[WORK REQUIRED] Each line of the data must reappear exactly in your answer, with no images included.

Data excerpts
▽

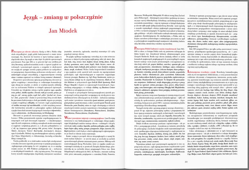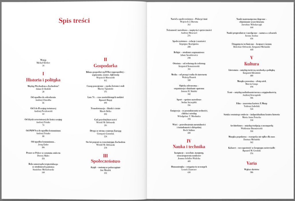 Książka składać się będzie z pięciu rozdziałów poświęconych polskiej historii, społeczeństwu, kulturze, nauce i gospodarce. Całość poprzedzać będzie wstęp historyczno-kulturowy. Autorami tekstów do tej publikacji, napisanych w formie esejów, są najwybitniejsi polscy uczeni związani z największych ośrodkami naukowymi w kraju, m.in. prof. M. Belka, A. Rotfeld, A. Chwalba, A. Friszke, J. Miodek, K. Skarżyńska, J. Skalski, J. Włodarczyk, W. Orłowski, R. Bugaj. W książce podjęte i zilustrowane zostaną rozważania na temat kształtowania się i rozwoju najważniejszych dziedzin życia narodu polskiego: skomplikowanej i trudnej historii Polski, jej suwerenności i transformacji dziejowej (przemian polityczno-gospodarczych), relacji i tożsamości społecznych, religii, oświaty, zdrowia, literatury i kultury, w tym: muzyki, filmu, sztuk pięknych i architektury. Nie zabraknie także omówienia rozwoju nauk technicznych czy przyrodniczo-medycznych.
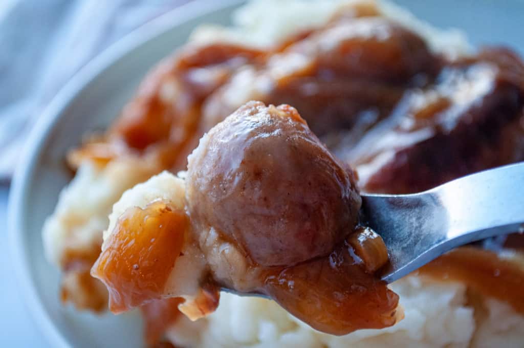 Once I had the sausages I went looking for a recipe for gravy. I wanted to know WHAT kind of gravy to make. My big question was it just brown gravy or was it an onion gravy? Turns out it’s traditionally an onion gravy.
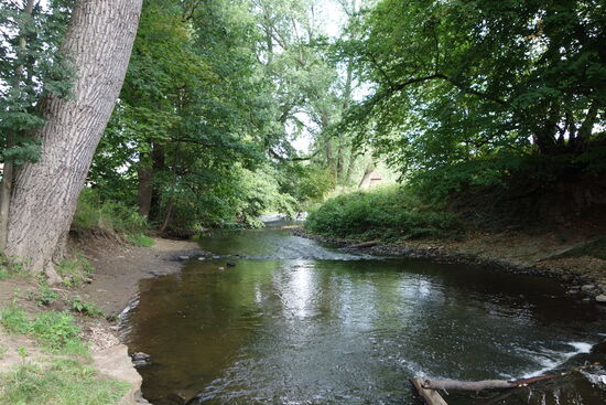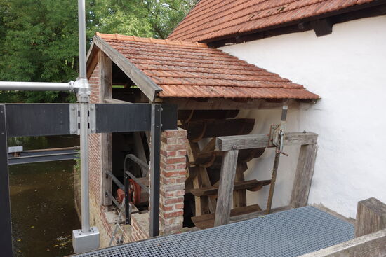 Um die Fischwanderung an diesem Standort und auch den zeitweiligen Betrieb der Mühle zu ermöglichen, wurde 2016 in den alten linksseitigen Mühlengang eine Fischaufstiegsanlage eingebaut. Diese besteht aus einem kiesgefüllten Stahltrog, der durch Querwände in 9 Kammern (Becken) unterteilt ist. Die seitlichen Aussparungen in den Querwänden lassen das Wasser durch die Becken strömen. Dies ermöglicht es den Fischen, den Höhenunterschied am Mühlenwehr zu überwinden. Sie können von Becken zu Becken schwimmen und müssen dabei jeweils nur eine geringe Höhe überwinden. In den kiesgefüllten Becken gibt es strömungsarme Zonen, die als Ruhezonen dienen und dadurch ,auch den Wirbellosen die stromaufwärts gerichtete Wanderung ermöglichen.
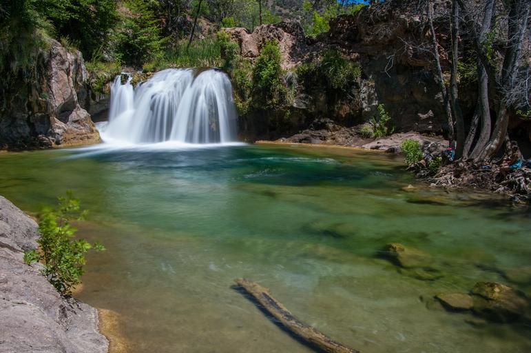 Keywords: arizona camp verde campverde coconino national forest coconinonationalforest forest service forestservice fossil creek fossilcreek k20d national forest nationalforest pentax k20d pentaxk20d red rock ranger district redrockrangerdistrict tonto national forest tontonationalforest usfs verde valley verdevalley waterfall trail waterfalltrail canyon creek desert forest hiking ndfilter outdoors riparian spring springtime trail water waterfall united states unitedstates outdoor landscape watercourse This large, natural waterfall on Fossil Creek is the destination of an easy, one mile hike on Waterfall Trail. A large, deep pool at the base of the fall is a popular swimming hole. Fossil Creek produces 20,000 gallons of water a minute from a series of springs at the bottom of a 1,600 foot deep canyon. This permanent water source has created a stunningly beautiful, green riparian zone rich with flora and fauna at the bottom of this arid canyon in Arizona's high desert. Travertine deposits encase whatever happens to fall into the streambed, forming the fossils for which the area is named. These deposits create deep pools along the length of the creek, providing opportunities to find more secluded swimming holes than the popular pool at the waterfall. Fossil Creek is one of two "Wild and Scenic" rivers in Arizona. This designation was achieved when the Irving power plant was decommissioned, and removal of flume and dam on the creek allowed the creek to flow free. Increasing popularity has led to the Coconino and Tonto National Forests to implement a parking permit reservation system in 2016. Reserved parking permits allow visitors to have a parking spot available in their chosen parking lot. Many visitors drive two or three hours to get to the creek. The final descent to the creek at the bottom of a canyon is on an extremely rough, rocky jeep road. In prior years, the area would often be closed to entry when it reached capacity, and potential visitors would be turned away after the long, difficult drive. Photo by Deborah Lee Soltesz, May 12, 2016. For trail and recreation information, see Fossil Creek, Fossil Springs Wilderness, and the Coconino National Forest. This large, natural waterfall on Fossil Creek is the destination of an easy, one mile hike on Waterfall Trail. A large, deep pool at the base of the fall is a popular swimming hole. Fossil Creek produces 20,000 gallons of water a minute from a series of springs at the bottom of a 1,600 foot deep canyon. This permanent water source has created a stunningly beautiful, green riparian zone rich with flora and fauna at the bottom of this arid canyon in Arizona's high desert. Travertine deposits encase whatever happens to fall into the streambed, forming the fossils for which the area is named. These deposits create deep pools along the length of the creek, providing opportunities to find more secluded swimming holes than the popular pool at the waterfall. Fossil Creek is one of two "Wild and Scenic" rivers in Arizona. This designation was achieved when the Irving power plant was decommissioned, and removal of flume and dam on the creek allowed the creek to flow free. Increasing popularity has led to the Coconino and Tonto National Forests to implement a parking permit reservation system in 2016. Reserved parking permits allow visitors to have a parking spot available in their chosen parking lot. Many visitors drive two or three hours to get to the creek. The final descent to the creek at the bottom of a canyon is on an extremely rough, rocky jeep road. In prior years, the area would often be closed to entry when it reached capacity, and potential visitors would be turned away after the long, difficult drive. Photo by Deborah Lee Soltesz, May 12, 2016. For trail and recreation information, see Fossil Creek, Fossil Springs Wilderness, and the Coconino National Forest.
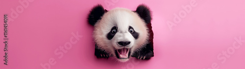 Naklejka premium Surprised panda face breaking through pink background with playful...
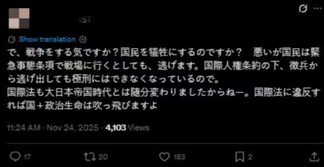 一些日本網(wǎng)友憤慨地留言道:“(高市政權(quán))是執(zhí)意要發(fā)動(dòng)戰(zhàn)爭嗎?是準(zhǔn)備讓民眾去當(dāng)‘炮灰’嗎?任何違反國際法的行為,都將導(dǎo)致該國及其決策者的政治生命徹底終結(jié)?!?/p>
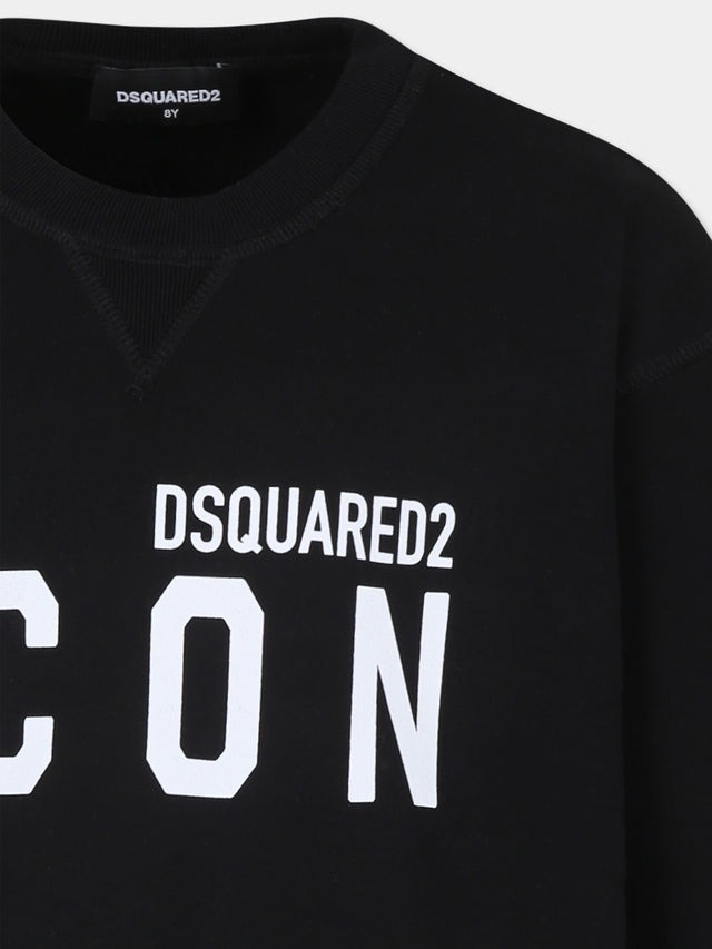Felpa nera in cotone garzato, a maniche lunghe, con girocollo, polsini e orlo a costine. È decorata con stampa logo Icon sul davanti.
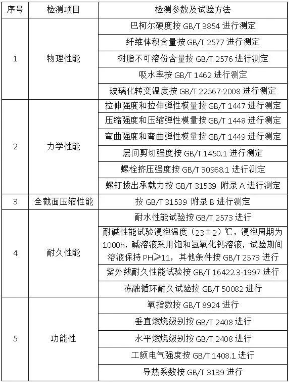 为保证产品质量,企业一般会选择第三方检验检测机构进行玻璃钢检验检测。按照标准GB/T 31539-2015《结构用纤维增强复合材料拉挤型材》,玻璃钢型材检验检测应当从物理性能、力学性能、全截面压缩性能、耐久性能和功能性等几个方面进行试验。如下表:
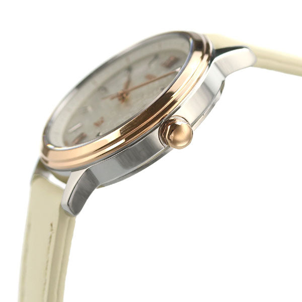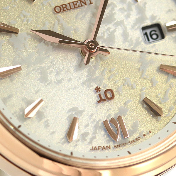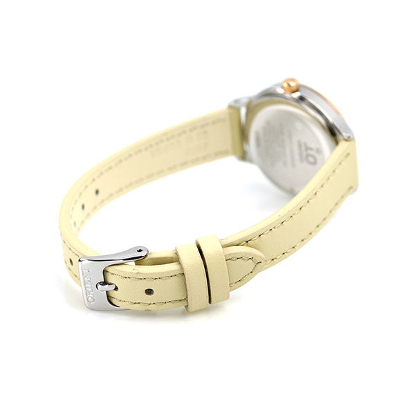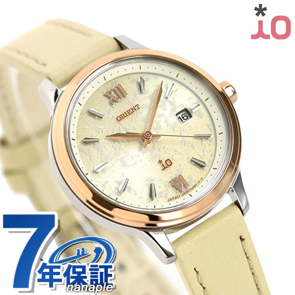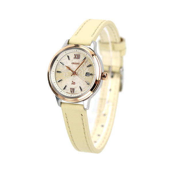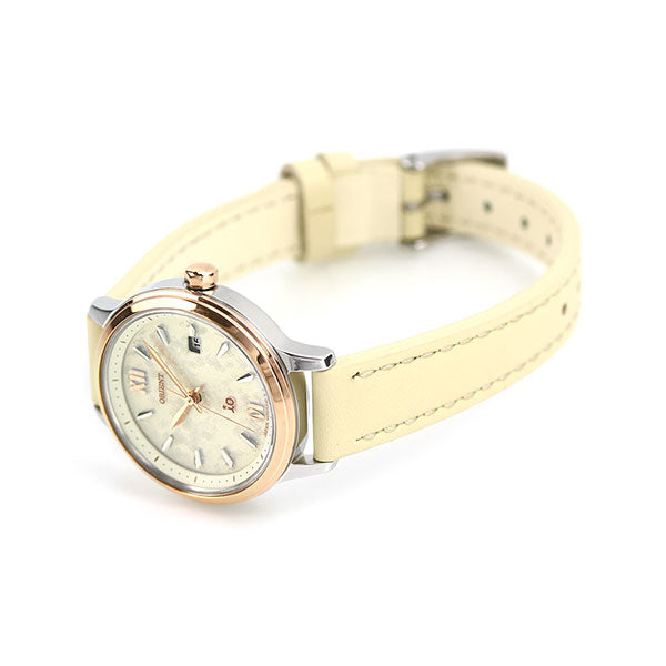 正規品 7年保証キャンペーン 送料無料 オリエント イオ チュラル&プレーン キャラメルマキアート 日本製 クオーツ レディース 腕時計 RN-WG0421S ORIENT iO NATURAL&PLAIN アナログ アイボリー 革ベルト ◆キャラメルマキアートをテーマにデザインされた大人のカラーモデルが登場。ベルトやケースはコーデに合わせやすいカラーを採用し、文字盤には甘いトッピングシュガーをイメージした模様をあしらい煌めきをプラス。文字盤のインデックスにはクラシカルなローマインデックスとバーインデックスを組み合わせることで、かわいらしさを見やすさを両立するデザインに仕上げました。幅広いシーンやファッションに合わせやすい柔らかなカラーリングが特徴で、きちんとした日にもおしゃれをしたい日にも一緒に出かけられるアイテムです。太陽や蛍光灯などの光で発電するライトチャージ搭載。 発売日:21年9月発売

△

[RESPONSE TO THIS EXERCISE]
 Książka składać się będzie z pięciu rozdziałów poświęconych polskiej historii, społeczeństwu, kulturze, nauce i gospodarce. Całość poprzedzać będzie wstęp historyczno-kulturowy. Autorami tekstów do tej publikacji, napisanych w formie esejów, są najwybitniejsi polscy uczeni związani z największych ośrodkami naukowymi w kraju, m.in. prof. M. Belka, A. Rotfeld, A. Chwalba, A. Friszke, J. Miodek, K. Skarżyńska, J. Skalski, J. Włodarczyk, W. Orłowski, R. Bugaj. W książce podjęte i zilustrowane zostaną rozważania na temat kształtowania się i rozwoju najważniejszych dziedzin życia narodu polskiego: skomplikowanej i trudnej historii Polski, jej suwerenności i transformacji dziejowej (przemian polityczno-gospodarczych), relacji i tożsamości społecznych, religii, oświaty, zdrowia, literatury i kultury, w tym: muzyki, filmu, sztuk pięknych i architektury. Nie zabraknie także omówienia rozwoju nauk technicznych czy przyrodniczo-medycznych.
 Once I had the sausages I went looking for a recipe for gravy. I wanted to know WHAT kind of gravy to make. My big question was it just brown gravy or was it an onion gravy? Turns out it’s traditionally an onion gravy.
 Um die Fischwanderung an diesem Standort und auch den zeitweiligen Betrieb der Mühle zu ermöglichen, wurde 2016 in den alten linksseitigen Mühlengang eine Fischaufstiegsanlage eingebaut. Diese besteht aus einem kiesgefüllten Stahltrog, der durch Querwände in 9 Kammern (Becken) unterteilt ist. Die seitlichen Aussparungen in den Querwänden lassen das Wasser durch die Becken strömen. Dies ermöglicht es den Fischen, den Höhenunterschied am Mühlenwehr zu überwinden. Sie können von Becken zu Becken schwimmen und müssen dabei jeweils nur eine geringe Höhe überwinden. In den kiesgefüllten Becken gibt es strömungsarme Zonen, die als Ruhezonen dienen und dadurch ,auch den Wirbellosen die stromaufwärts gerichtete Wanderung ermöglichen.
 Keywords: arizona camp verde campverde coconino national forest coconinonationalforest forest service forestservice fossil creek fossilcreek k20d national forest nationalforest pentax k20d pentaxk20d red rock ranger district redrockrangerdistrict tonto national forest tontonationalforest usfs verde valley verdevalley waterfall trail waterfalltrail canyon creek desert forest hiking ndfilter outdoors riparian spring springtime trail water waterfall united states unitedstates outdoor landscape watercourse This large, natural waterfall on Fossil Creek is the destination of an easy, one mile hike on Waterfall Trail. A large, deep pool at the base of the fall is a popular swimming hole. Fossil Creek produces 20,000 gallons of water a minute from a series of springs at the bottom of a 1,600 foot deep canyon. This permanent water source has created a stunningly beautiful, green riparian zone rich with flora and fauna at the bottom of this arid canyon in Arizona's high desert. Travertine deposits encase whatever happens to fall into the streambed, forming the fossils for which the area is named. These deposits create deep pools along the length of the creek, providing opportunities to find more secluded swimming holes than the popular pool at the waterfall. Fossil Creek is one of two "Wild and Scenic" rivers in Arizona. This designation was achieved when the Irving power plant was decommissioned, and removal of flume and dam on the creek allowed the creek to flow free. Increasing popularity has led to the Coconino and Tonto National Forests to implement a parking permit reservation system in 2016. Reserved parking permits allow visitors to have a parking spot available in their chosen parking lot. Many visitors drive two or three hours to get to the creek. The final descent to the creek at the bottom of a canyon is on an extremely rough, rocky jeep road. In prior years, the area would often be closed to entry when it reached capacity, and potential visitors would be turned away after the long, difficult drive. Photo by Deborah Lee Soltesz, May 12, 2016. For trail and recreation information, see Fossil Creek, Fossil Springs Wilderness, and the Coconino National Forest. This large, natural waterfall on Fossil Creek is the destination of an easy, one mile hike on Waterfall Trail. A large, deep pool at the base of the fall is a popular swimming hole. Fossil Creek produces 20,000 gallons of water a minute from a series of springs at the bottom of a 1,600 foot deep canyon. This permanent water source has created a stunningly beautiful, green riparian zone rich with flora and fauna at the bottom of this arid canyon in Arizona's high desert. Travertine deposits encase whatever happens to fall into the streambed, forming the fossils for which the area is named. These deposits create deep pools along the length of the creek, providing opportunities to find more secluded swimming holes than the popular pool at the waterfall. Fossil Creek is one of two "Wild and Scenic" rivers in Arizona. This designation was achieved when the Irving power plant was decommissioned, and removal of flume and dam on the creek allowed the creek to flow free. Increasing popularity has led to the Coconino and Tonto National Forests to implement a parking permit reservation system in 2016. Reserved parking permits allow visitors to have a parking spot available in their chosen parking lot. Many visitors drive two or three hours to get to the creek. The final descent to the creek at the bottom of a canyon is on an extremely rough, rocky jeep road. In prior years, the area would often be closed to entry when it reached capacity, and potential visitors would be turned away after the long, difficult drive. Photo by Deborah Lee Soltesz, May 12, 2016. For trail and recreation information, see Fossil Creek, Fossil Springs Wilderness, and the Coconino National Forest.
 Naklejka premium Surprised panda face breaking through pink background with playful...
 一些日本網(wǎng)友憤慨地留言道:“(高市政權(quán))是執(zhí)意要發(fā)動(dòng)戰(zhàn)爭嗎?是準(zhǔn)備讓民眾去當(dāng)‘炮灰’嗎?任何違反國際法的行為,都將導(dǎo)致該國及其決策者的政治生命徹底終結(jié)?!?/p>
Felpa nera in cotone garzato, a maniche lunghe, con girocollo, polsini e orlo a costine. È decorata con stampa logo Icon sul davanti.
 为保证产品质量,企业一般会选择第三方检验检测机构进行玻璃钢检验检测。按照标准GB/T 31539-2015《结构用纤维增强复合材料拉挤型材》,玻璃钢型材检验检测应当从物理性能、力学性能、全截面压缩性能、耐久性能和功能性等几个方面进行试验。如下表:
 正規品 7年保証キャンペーン 送料無料 オリエント イオ チュラル&プレーン キャラメルマキアート 日本製 クオーツ レディース 腕時計 RN-WG0421S ORIENT iO NATURAL&PLAIN アナログ アイボリー 革ベルト ◆キャラメルマキアートをテーマにデザインされた大人のカラーモデルが登場。ベルトやケースはコーデに合わせやすいカラーを採用し、文字盤には甘いトッピングシュガーをイメージした模様をあしらい煌めきをプラス。文字盤のインデックスにはクラシカルなローマインデックスとバーインデックスを組み合わせることで、かわいらしさを見やすさを両立するデザインに仕上げました。幅広いシーンやファッションに合わせやすい柔らかなカラーリングが特徴で、きちんとした日にもおしゃれをしたい日にも一緒に出かけられるアイテムです。太陽や蛍光灯などの光で発電するライトチャージ搭載。 発売日:21年9月発売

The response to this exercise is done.